SUPPLIED RECORDS:
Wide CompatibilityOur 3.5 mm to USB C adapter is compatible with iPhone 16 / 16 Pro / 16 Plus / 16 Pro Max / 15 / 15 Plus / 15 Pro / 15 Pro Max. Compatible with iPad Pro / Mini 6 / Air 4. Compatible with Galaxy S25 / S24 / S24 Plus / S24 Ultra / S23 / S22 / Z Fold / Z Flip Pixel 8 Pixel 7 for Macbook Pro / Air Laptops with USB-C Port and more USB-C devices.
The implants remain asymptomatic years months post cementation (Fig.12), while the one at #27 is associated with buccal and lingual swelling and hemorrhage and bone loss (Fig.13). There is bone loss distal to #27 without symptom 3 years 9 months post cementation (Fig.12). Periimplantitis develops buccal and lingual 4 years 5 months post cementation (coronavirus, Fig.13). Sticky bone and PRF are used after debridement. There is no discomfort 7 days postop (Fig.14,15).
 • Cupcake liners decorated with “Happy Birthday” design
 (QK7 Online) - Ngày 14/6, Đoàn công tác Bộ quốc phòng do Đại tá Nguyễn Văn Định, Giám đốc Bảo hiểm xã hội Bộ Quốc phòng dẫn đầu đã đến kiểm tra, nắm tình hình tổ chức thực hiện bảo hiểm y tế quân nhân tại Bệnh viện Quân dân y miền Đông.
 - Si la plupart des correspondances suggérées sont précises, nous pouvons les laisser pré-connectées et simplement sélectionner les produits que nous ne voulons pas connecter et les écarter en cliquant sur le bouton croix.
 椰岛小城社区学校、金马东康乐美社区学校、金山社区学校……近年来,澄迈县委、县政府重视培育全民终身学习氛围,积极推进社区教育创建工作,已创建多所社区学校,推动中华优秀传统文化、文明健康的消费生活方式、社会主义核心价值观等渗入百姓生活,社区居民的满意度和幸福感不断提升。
* * *
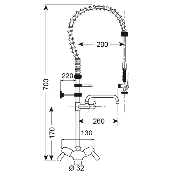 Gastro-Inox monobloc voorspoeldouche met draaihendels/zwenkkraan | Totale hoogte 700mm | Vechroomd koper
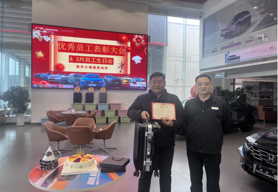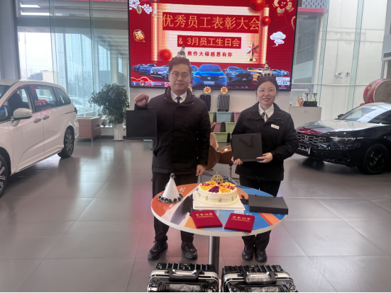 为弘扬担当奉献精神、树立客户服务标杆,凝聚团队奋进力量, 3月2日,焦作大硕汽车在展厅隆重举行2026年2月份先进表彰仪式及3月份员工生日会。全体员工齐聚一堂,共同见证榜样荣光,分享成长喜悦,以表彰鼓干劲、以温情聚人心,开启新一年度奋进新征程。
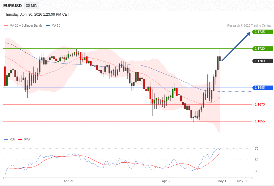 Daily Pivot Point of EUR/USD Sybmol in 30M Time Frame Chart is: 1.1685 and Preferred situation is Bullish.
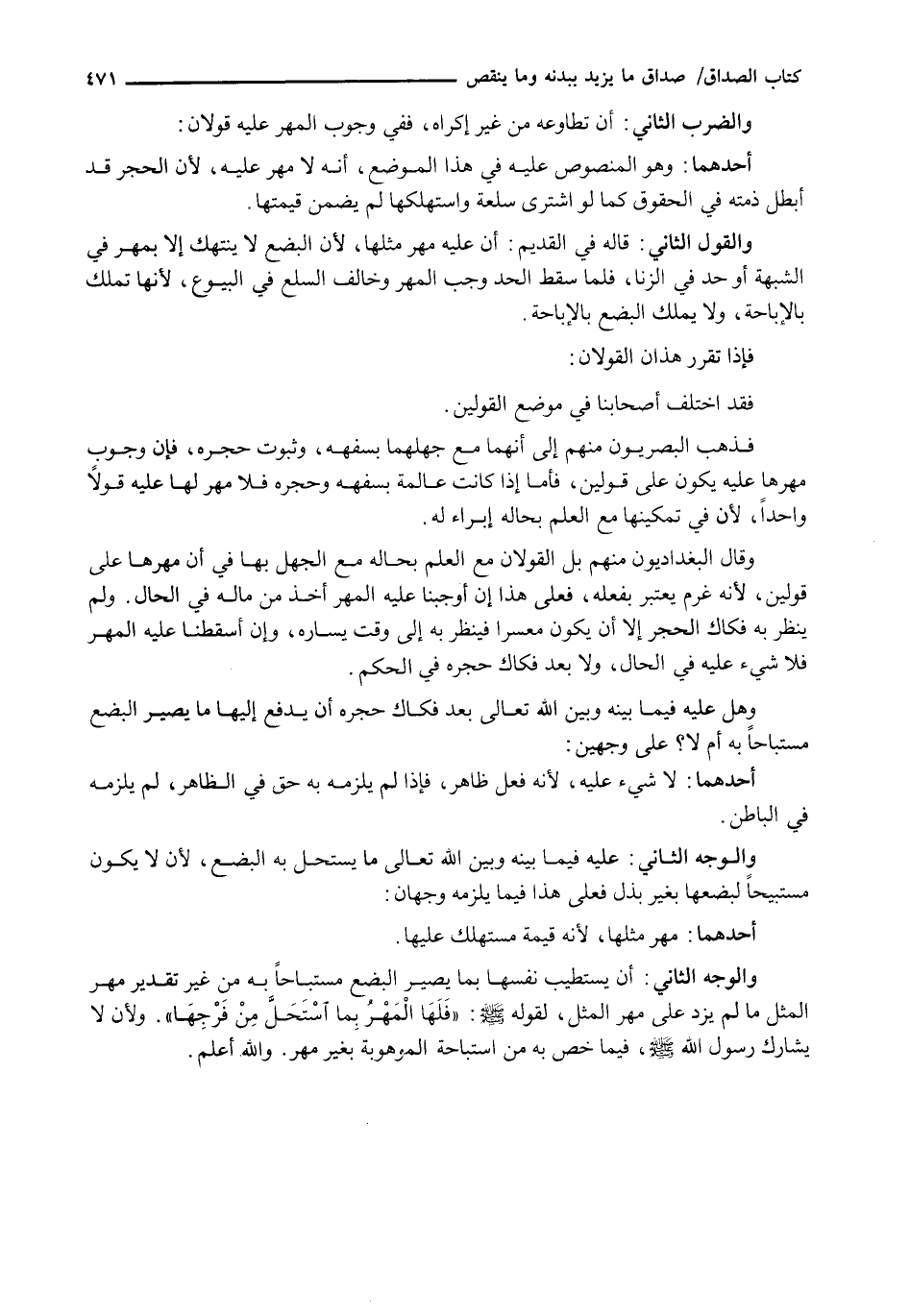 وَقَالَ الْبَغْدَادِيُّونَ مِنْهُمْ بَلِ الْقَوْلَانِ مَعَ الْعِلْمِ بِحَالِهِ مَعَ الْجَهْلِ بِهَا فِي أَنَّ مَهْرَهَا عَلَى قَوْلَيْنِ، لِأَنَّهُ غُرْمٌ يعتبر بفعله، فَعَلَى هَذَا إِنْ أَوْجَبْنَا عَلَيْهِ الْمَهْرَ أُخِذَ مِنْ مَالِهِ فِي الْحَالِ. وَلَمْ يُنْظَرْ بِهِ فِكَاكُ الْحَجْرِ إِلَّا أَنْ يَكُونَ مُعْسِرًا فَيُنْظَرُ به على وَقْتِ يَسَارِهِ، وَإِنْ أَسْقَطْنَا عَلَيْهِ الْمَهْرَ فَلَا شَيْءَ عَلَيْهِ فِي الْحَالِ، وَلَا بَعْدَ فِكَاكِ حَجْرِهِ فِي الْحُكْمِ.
...
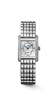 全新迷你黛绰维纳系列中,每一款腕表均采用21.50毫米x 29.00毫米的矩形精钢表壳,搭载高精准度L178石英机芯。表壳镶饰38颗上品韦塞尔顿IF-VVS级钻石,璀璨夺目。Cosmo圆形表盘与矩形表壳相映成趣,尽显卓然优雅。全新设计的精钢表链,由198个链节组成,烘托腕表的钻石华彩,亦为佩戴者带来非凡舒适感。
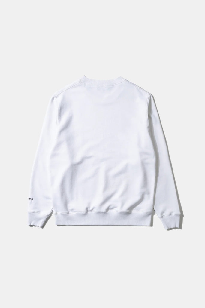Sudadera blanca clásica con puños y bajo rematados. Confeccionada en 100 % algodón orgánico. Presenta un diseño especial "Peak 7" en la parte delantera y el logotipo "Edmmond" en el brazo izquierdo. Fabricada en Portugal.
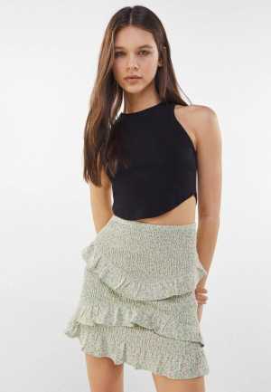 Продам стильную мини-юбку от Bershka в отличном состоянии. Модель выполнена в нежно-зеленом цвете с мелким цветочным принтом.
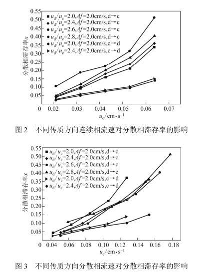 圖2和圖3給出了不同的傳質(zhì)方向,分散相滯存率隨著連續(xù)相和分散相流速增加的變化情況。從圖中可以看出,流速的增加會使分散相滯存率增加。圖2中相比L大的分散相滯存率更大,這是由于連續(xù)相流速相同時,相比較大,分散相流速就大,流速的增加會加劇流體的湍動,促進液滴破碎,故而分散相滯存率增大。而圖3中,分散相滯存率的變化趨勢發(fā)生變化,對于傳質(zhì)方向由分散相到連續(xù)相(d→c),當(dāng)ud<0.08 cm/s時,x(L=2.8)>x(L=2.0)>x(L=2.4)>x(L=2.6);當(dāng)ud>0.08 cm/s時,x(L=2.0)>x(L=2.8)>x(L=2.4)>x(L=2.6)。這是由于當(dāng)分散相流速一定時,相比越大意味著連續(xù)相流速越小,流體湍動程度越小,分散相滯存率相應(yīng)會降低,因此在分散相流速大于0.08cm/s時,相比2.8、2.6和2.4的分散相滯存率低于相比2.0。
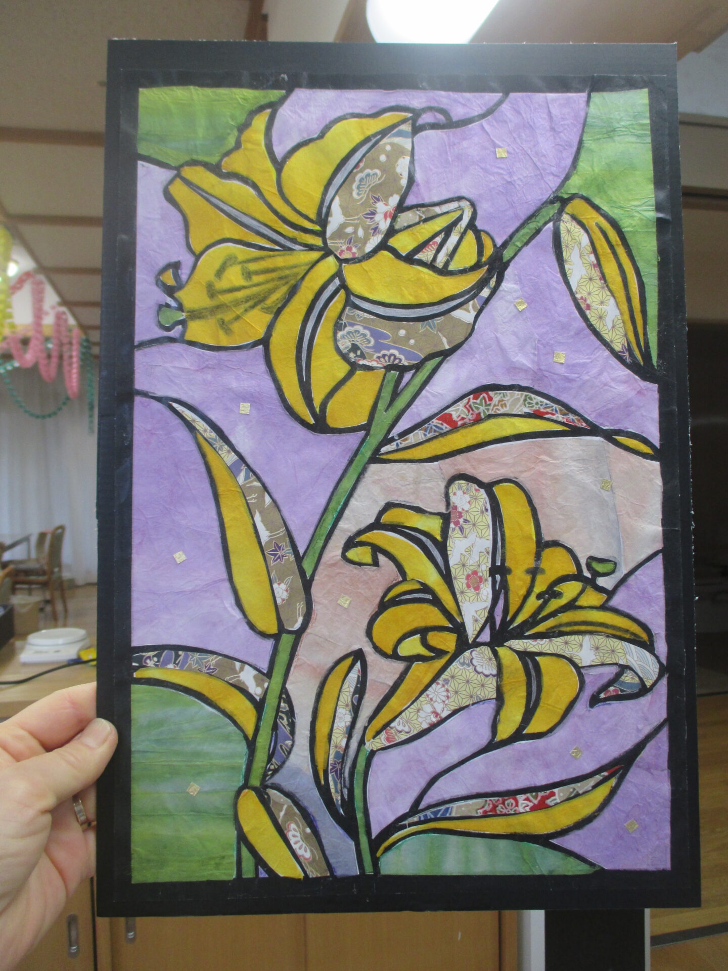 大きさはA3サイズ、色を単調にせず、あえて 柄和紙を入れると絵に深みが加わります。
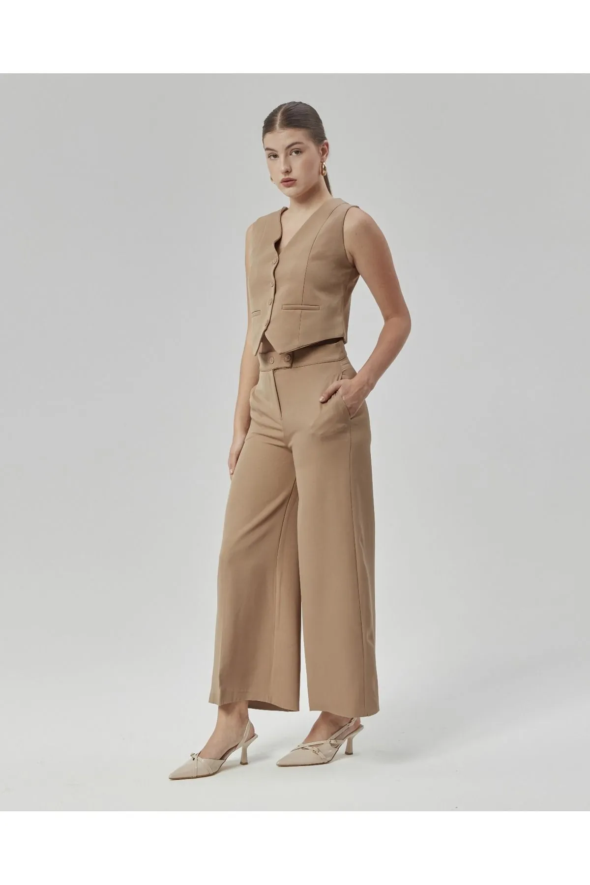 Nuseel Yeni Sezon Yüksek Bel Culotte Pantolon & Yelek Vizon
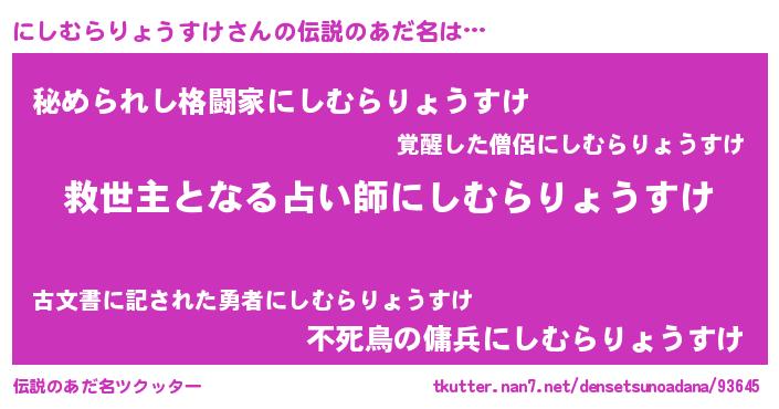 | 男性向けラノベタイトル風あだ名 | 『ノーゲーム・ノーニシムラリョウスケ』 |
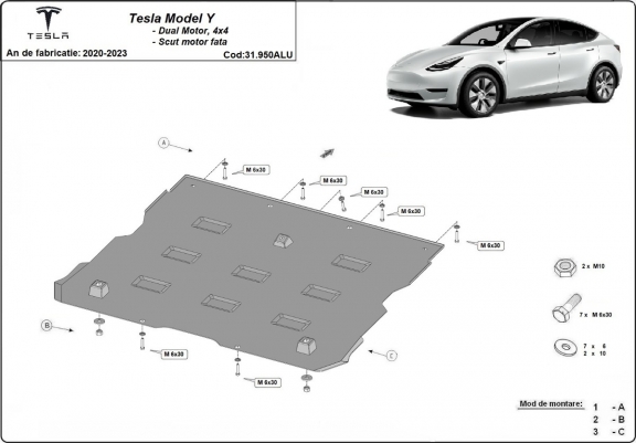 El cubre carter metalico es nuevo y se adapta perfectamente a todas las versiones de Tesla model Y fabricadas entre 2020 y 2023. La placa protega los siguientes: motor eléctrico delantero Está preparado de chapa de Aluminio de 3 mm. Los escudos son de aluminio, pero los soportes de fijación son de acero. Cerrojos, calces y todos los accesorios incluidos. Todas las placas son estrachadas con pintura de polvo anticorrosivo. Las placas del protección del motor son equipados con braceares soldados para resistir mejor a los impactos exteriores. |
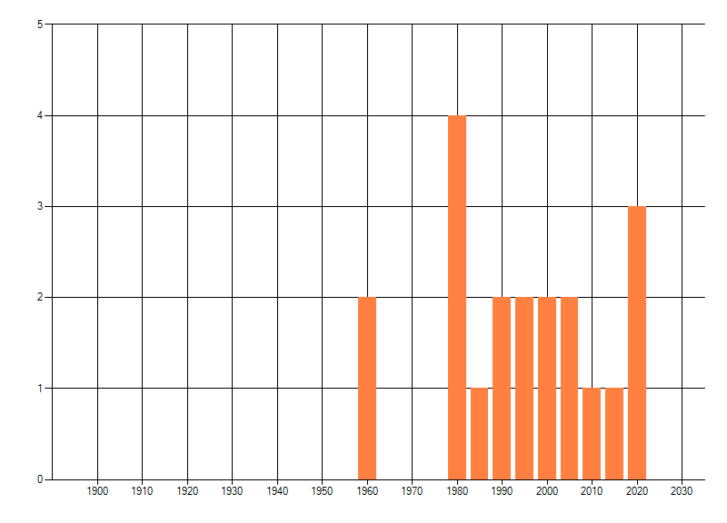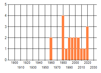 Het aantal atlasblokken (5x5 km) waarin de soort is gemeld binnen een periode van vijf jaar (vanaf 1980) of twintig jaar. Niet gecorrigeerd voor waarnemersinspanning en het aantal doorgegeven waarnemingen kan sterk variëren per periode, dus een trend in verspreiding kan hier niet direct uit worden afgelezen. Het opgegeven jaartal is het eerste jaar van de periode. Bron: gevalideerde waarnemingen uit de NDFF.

WHAT THE EXERCISE ASKS:
Transcribe only the lines above that start at the line containing "全新迷你黛绰维纳系列中,每一" and end at the line containing "El cubre carter". Omit pictures.

SOLUTION TO THE EXERCISE:
 全新迷你黛绰维纳系列中,每一款腕表均采用21.50毫米x 29.00毫米的矩形精钢表壳,搭载高精准度L178石英机芯。表壳镶饰38颗上品韦塞尔顿IF-VVS级钻石,璀璨夺目。Cosmo圆形表盘与矩形表壳相映成趣,尽显卓然优雅。全新设计的精钢表链,由198个链节组成,烘托腕表的钻石华彩,亦为佩戴者带来非凡舒适感。
Sudadera blanca clásica con puños y bajo rematados. Confeccionada en 100 % algodón orgánico. Presenta un diseño especial "Peak 7" en la parte delantera y el logotipo "Edmmond" en el brazo izquierdo. Fabricada en Portugal.
 Продам стильную мини-юбку от Bershka в отличном состоянии. Модель выполнена в нежно-зеленом цвете с мелким цветочным принтом.
 圖2和圖3給出了不同的傳質(zhì)方向,分散相滯存率隨著連續(xù)相和分散相流速增加的變化情況。從圖中可以看出,流速的增加會使分散相滯存率增加。圖2中相比L大的分散相滯存率更大,這是由于連續(xù)相流速相同時,相比較大,分散相流速就大,流速的增加會加劇流體的湍動,促進液滴破碎,故而分散相滯存率增大。而圖3中,分散相滯存率的變化趨勢發(fā)生變化,對于傳質(zhì)方向由分散相到連續(xù)相(d→c),當(dāng)ud<0.08 cm/s時,x(L=2.8)>x(L=2.0)>x(L=2.4)>x(L=2.6);當(dāng)ud>0.08 cm/s時,x(L=2.0)>x(L=2.8)>x(L=2.4)>x(L=2.6)。這是由于當(dāng)分散相流速一定時,相比越大意味著連續(xù)相流速越小,流體湍動程度越小,分散相滯存率相應(yīng)會降低,因此在分散相流速大于0.08cm/s時,相比2.8、2.6和2.4的分散相滯存率低于相比2.0。
 大きさはA3サイズ、色を単調にせず、あえて 柄和紙を入れると絵に深みが加わります。
 Nuseel Yeni Sezon Yüksek Bel Culotte Pantolon & Yelek Vizon
 | 男性向けラノベタイトル風あだ名 | 『ノーゲーム・ノーニシムラリョウスケ』 |
 El cubre carter metalico es nuevo y se adapta perfectamente a todas las versiones de Tesla model Y fabricadas entre 2020 y 2023. La placa protega los siguientes: motor eléctrico delantero Está preparado de chapa de Aluminio de 3 mm. Los escudos son de aluminio, pero los soportes de fijación son de acero. Cerrojos, calces y todos los accesorios incluidos. Todas las placas son estrachadas con pintura de polvo anticorrosivo. Las placas del protección del motor son equipados con braceares soldados para resistir mejor a los impactos exteriores. |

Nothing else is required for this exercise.